▶ _Required action_
Please print, exactly, only the lines in the entries below from the line that has "Cheerful Playmate Top is" through the line that has "A Mérnökök Szolnokért". Pictures don't go in.

▶ _Recorded information_
=== Section Start ===

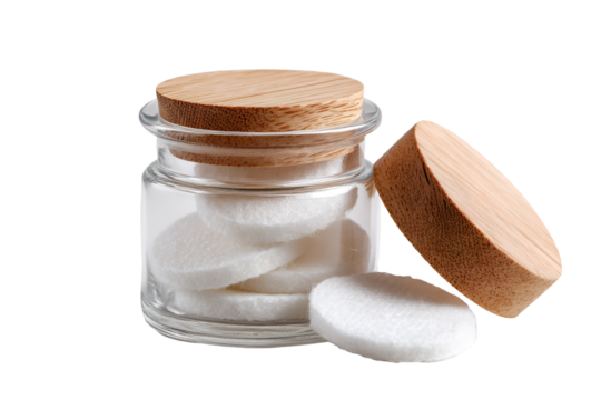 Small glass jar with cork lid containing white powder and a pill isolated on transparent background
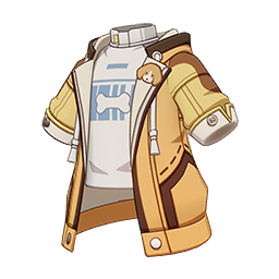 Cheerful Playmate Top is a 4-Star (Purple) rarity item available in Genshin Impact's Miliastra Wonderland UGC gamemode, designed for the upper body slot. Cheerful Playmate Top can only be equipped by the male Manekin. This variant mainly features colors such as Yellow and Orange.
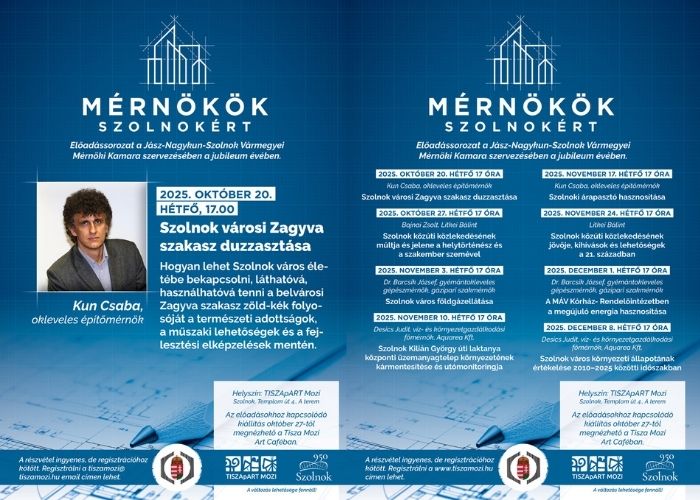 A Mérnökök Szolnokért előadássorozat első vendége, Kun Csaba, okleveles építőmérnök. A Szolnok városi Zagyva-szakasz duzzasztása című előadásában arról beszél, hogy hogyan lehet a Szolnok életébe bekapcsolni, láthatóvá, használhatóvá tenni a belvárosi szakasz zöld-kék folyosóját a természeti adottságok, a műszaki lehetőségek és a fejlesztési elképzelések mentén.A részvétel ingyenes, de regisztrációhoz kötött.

=== Section End ===
=== Section Start ===

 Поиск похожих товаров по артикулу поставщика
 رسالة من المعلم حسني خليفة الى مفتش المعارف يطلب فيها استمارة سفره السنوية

=== Section End ===
=== Section Start ===

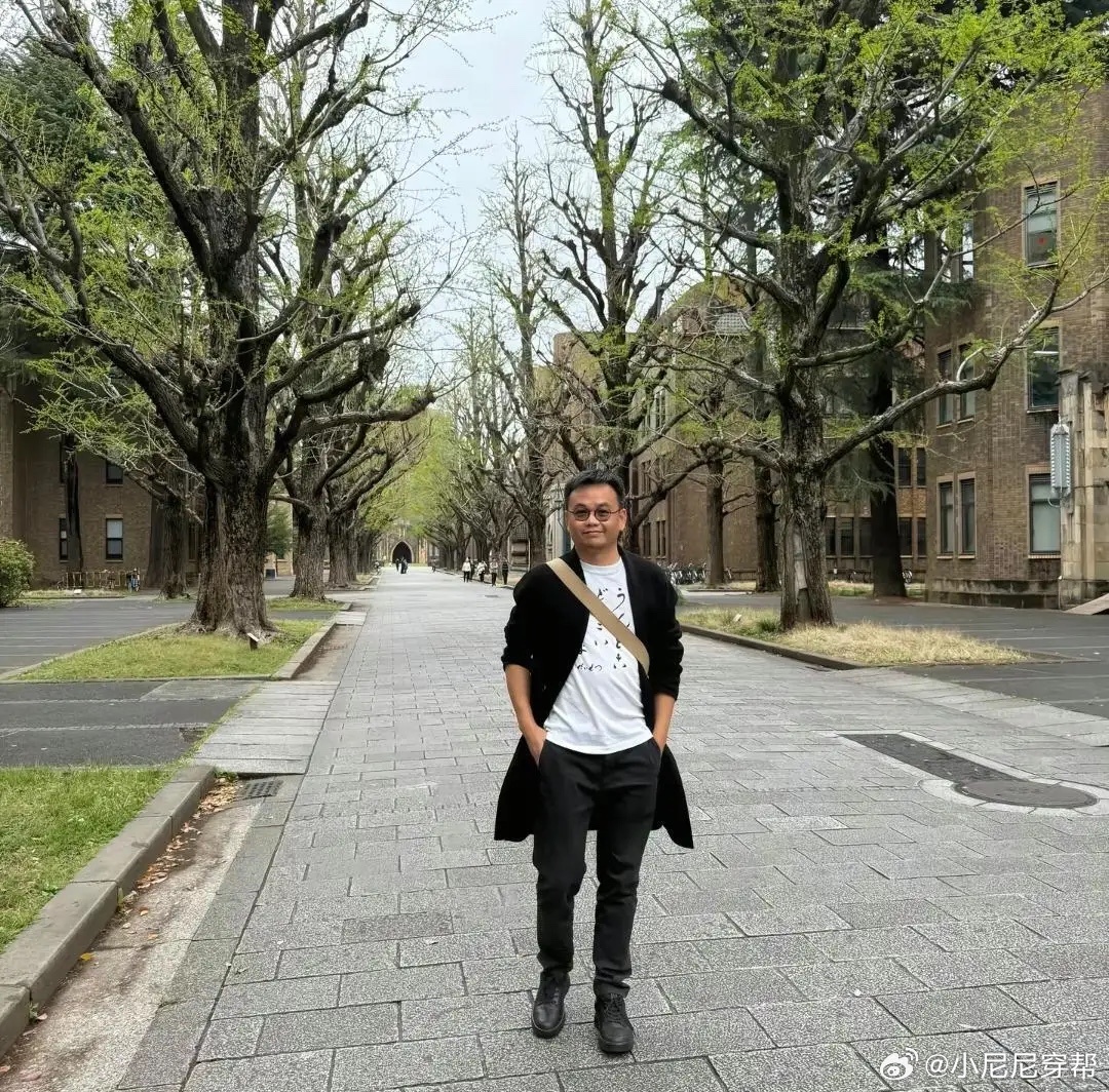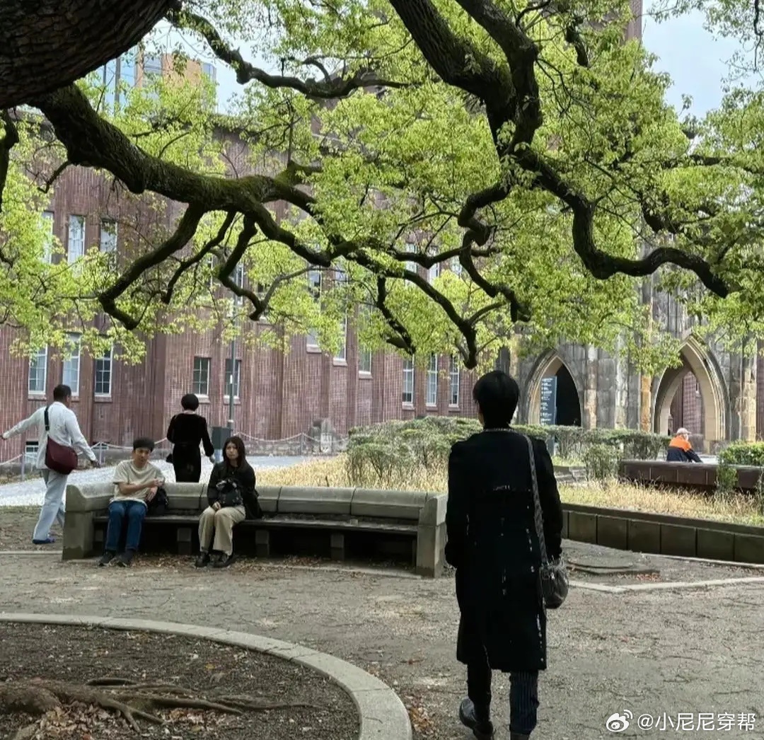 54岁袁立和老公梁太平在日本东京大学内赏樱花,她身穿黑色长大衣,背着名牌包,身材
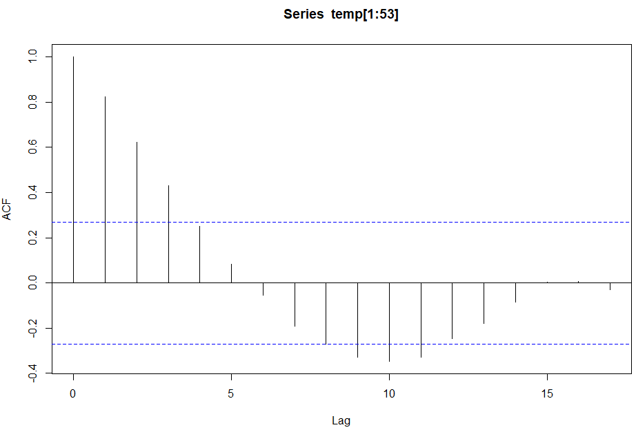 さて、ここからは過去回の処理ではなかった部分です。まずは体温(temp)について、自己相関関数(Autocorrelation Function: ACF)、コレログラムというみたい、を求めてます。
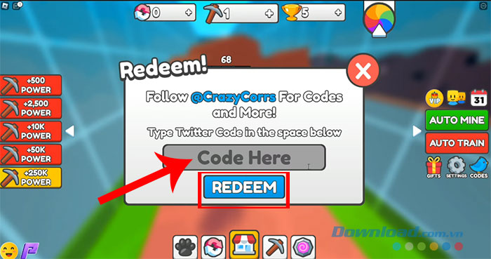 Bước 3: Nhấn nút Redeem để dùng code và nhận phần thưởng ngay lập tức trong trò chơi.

=== Section End ===

▶ _Solution for this exercise_
 Cheerful Playmate Top is a 4-Star (Purple) rarity item available in Genshin Impact's Miliastra Wonderland UGC gamemode, designed for the upper body slot. Cheerful Playmate Top can only be equipped by the male Manekin. This variant mainly features colors such as Yellow and Orange.
 A Mérnökök Szolnokért előadássorozat első vendége, Kun Csaba, okleveles építőmérnök. A Szolnok városi Zagyva-szakasz duzzasztása című előadásában arról beszél, hogy hogyan lehet a Szolnok életébe bekapcsolni, láthatóvá, használhatóvá tenni a belvárosi szakasz zöld-kék folyosóját a természeti adottságok, a műszaki lehetőségek és a fejlesztési elképzelések mentén.A részvétel ingyenes, de regisztrációhoz kötött.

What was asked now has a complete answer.